Determine how many documents a term occurs in

Is there a fast way to determine how many documents a term occurs in,
besides iterating through every document with TermDocEnum?

Hi,

when you do a search, the array you get back is actually a TopDocs
object, which has a total_hits value.

http://ferret.davebalmain.com/api/classes/Ferret/Search/TopDocs.html

I guess you’d just need to make sure all the fuzzy search stuff is off.

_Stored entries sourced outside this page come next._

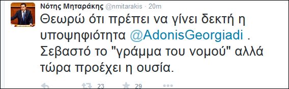 Ο Νότης Μηταράκης θεωρεί ότι πρέπει να γίνει δεκτή η υποψηφιότητα του Άδωνι Γεωργιάδη, όπως έγραψε στο Twitter.«Θεωρώ ότι πρέπει να γίνει δεκτή η υποψηφιότητα του Άδωνι Γεωργιάδη. Σεβαστό το “γράμμα του νομού”, αλλά τώρα προέχει η ουσία», ήταν το σχόλιο του βουλευτή της Νέας Δημοκρατίας.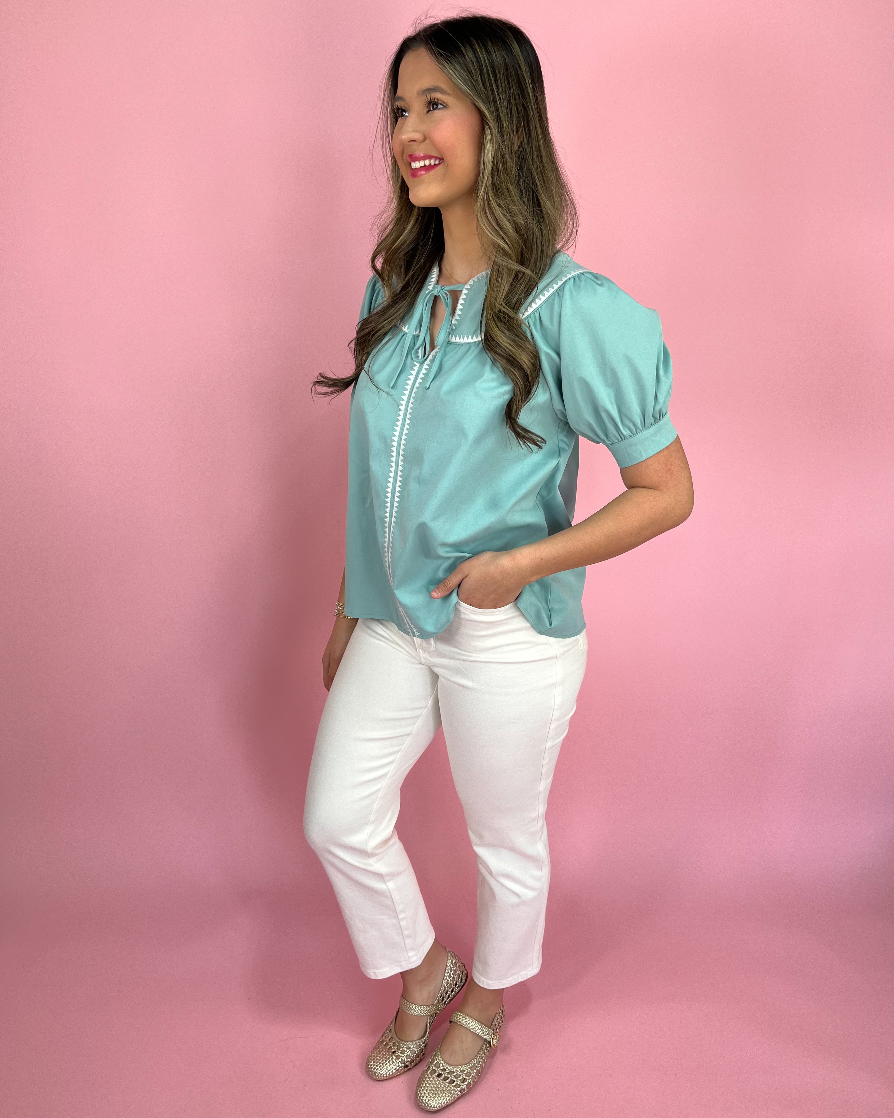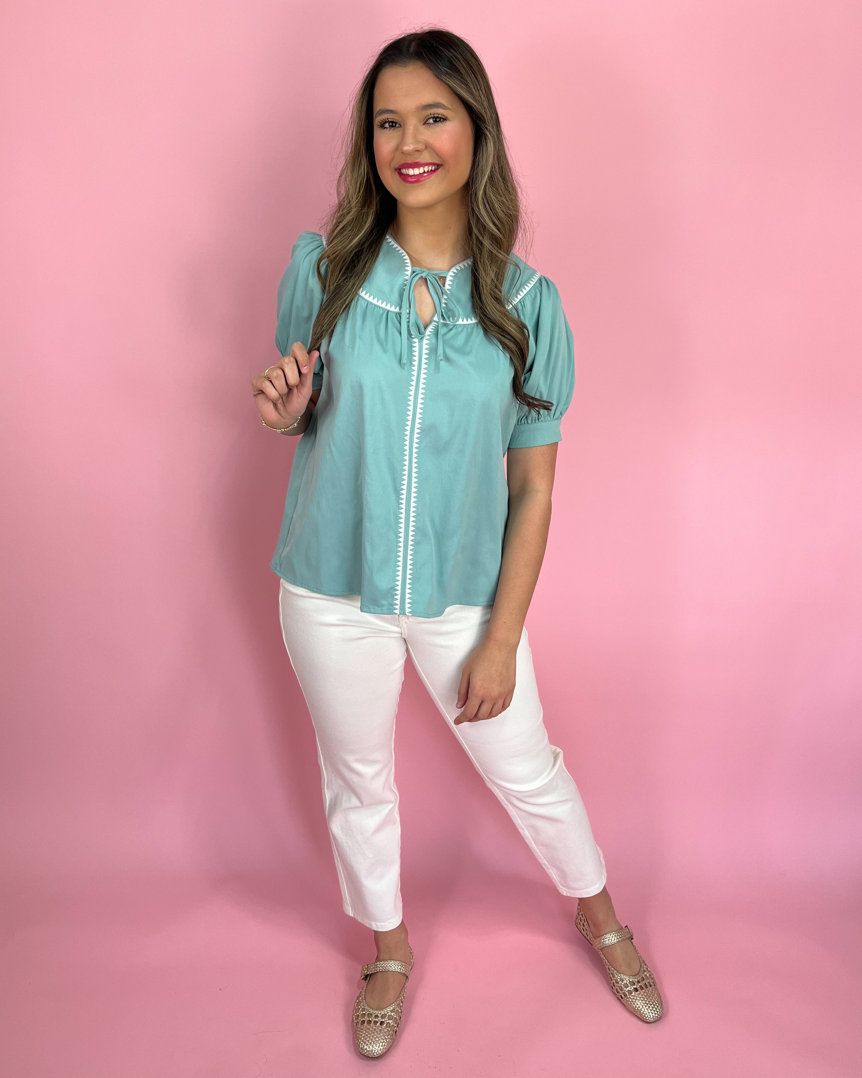 This top is giving soft, feminine charm with an easy everyday feel 💕 The airy sage-green hue paired with delicate white trim makes it feel fresh, polished, and effortlessly pretty ✨
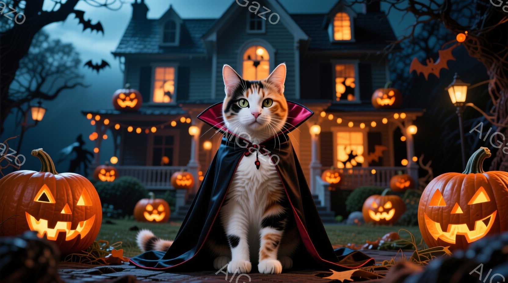 この無料AI生成画像「オレンジ色の背景に、骨柄の衣装を着た二匹の猫が並んで座っています。片方の猫は白と茶色の毛並みで、もう片方は白と黒の毛並みで、どちらも少し驚いたような表情をしています。背景にはハロウィンのカボチャやコウモリのぬいぐるみがあり、全体的に楽しいハロウィンの雰囲気が漂っています。」は、2025年10月25日に作成されました。 サイズは 1664×928px の高解像度で、商用利用も可能なフリー素材として提供しています。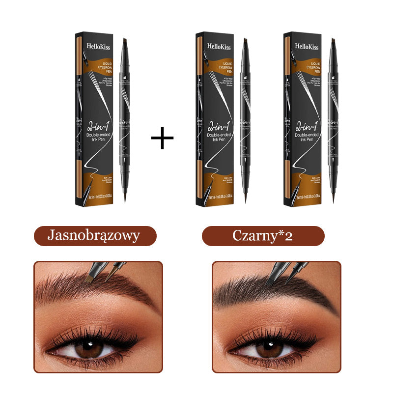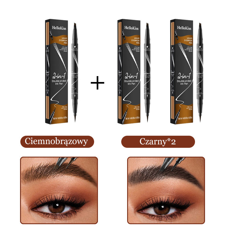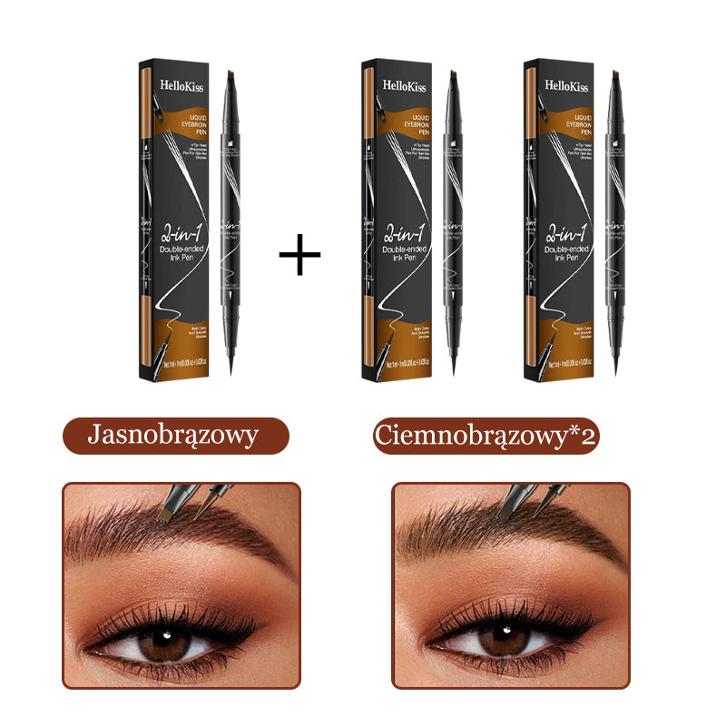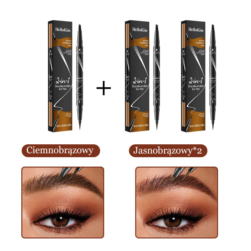 Opakowanie zawiera: Wodoodporny, długotrwały pisak do brwi 2 w 1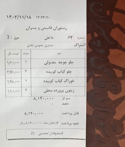 رستوران قاسمی یا همان تعاون قدیم یکی از قدیمی ترین رستورانهای محدوده حرم مطهر رضویه که همینطور که از اسم قدیمی این رستوران یعنی تعاون پیداست قیمت محصولاتش تعاونی حساب میشه. ولی خب بابت همین تعاونی بودن یک مقدار کیفیت غذاهاشون هم معمولی تره. کیفیتش بد نیست ولی خب عالی هم نیست. در قدیم یادم هست فضای رستوران در زیرزمینی با دکوراسیون معمولی و پرسنل اندک و کیفیت غذاها هم پایین بود. اما در حال حاضر رستوران در طبقه همکف است با دکوراسیون مدرن و چشمنواز و جادار تر از سالن قبلی. کارکنان بیشتر و صدالبته کیفیت غذای بهتر از قبل. رفتار پرسنل بسیار عالی. سطح بهداشت و نظافت عالی. سرویس دهی خوب.

or am I missing something here?

John.

On Sat, 2007-04-28 at 12:26 +0200, Stian Grytøyr wrote:

Is there a fast way to determine how many documents a term occurs in,
besides iterating through every document with TermDocEnum?


http://johnleach.co.uk

On 4/28/07, John L. [email protected] wrote:

when you do a search, the array you get back is actually a TopDocs
object, which has a total_hits value.

Sorry, my question was imprecise. I meant how many documents in the
entire corpus (or index), not for a particular query.

Ah ok,

then IndexWriter.doc_count

http://ferret.davebalmain.com/api/classes/Ferret/Index/IndexWriter.html#M000089

so something like: myindex.writer.doc_count

John.

On Sat, 2007-04-28 at 19:45 +0200, Stian Grytøyr wrote:

On 4/28/07, John L. [email protected] wrote:

when you do a search, the array you get back is actually a TopDocs
object, which has a total_hits value.

Sorry, my question was imprecise. I meant how many documents in the
entire corpus (or index), not for a particular query.


http://johnleach.co.uk

Hi Stian,

then I’m confused, because what you’re describing is the total hits of a
one term search. You just need to watch out for fuzziness, like case
sensitivity.

But an alternative is to use the TermEnum methods, but they are done for
one field at a time:

http://ferret.davebalmain.com/api/classes/Ferret/Index/TermEnum.html

something like:

te = index_reader.terms(:content)
te.skip_to(“monkey”)
puts “The term ‘monkey’ occurs in #{te.doc_freq} documents in the index”

Am I warmer? :wink:

John.

On Sun, 2007-04-29 at 22:59 +0200, Stian Grytøyr wrote:


http://johnleach.co.uk

On 4/29/07, John L. [email protected] wrote:

then I’m confused, because what you’re describing is the total hits of a
one term search. You just need to watch out for fuzziness, like case
sensitivity.

Aha, I finally get it. I dismissed that option right away, thinking that
since I
need to look up the total number of occurences for quite a few terms for
each search, a full search for each term would become way too slow as
the
index grew. But I see now that that’s not the case, so this looks like a
good
solution.

Thanks, John!


Best regards,
Stian
Grytøyr

On 4/29/07, John L. [email protected] wrote:

then IndexWriter.doc_count

http://ferret.davebalmain.com/api/classes/Ferret/Index/IndexWriter.html#M000089

so something like: myindex.writer.doc_count

Thanks, but I still don’t think we’re quite there. I’m looking for the
number
of documents (in the index) that, say, “foo” occurs in.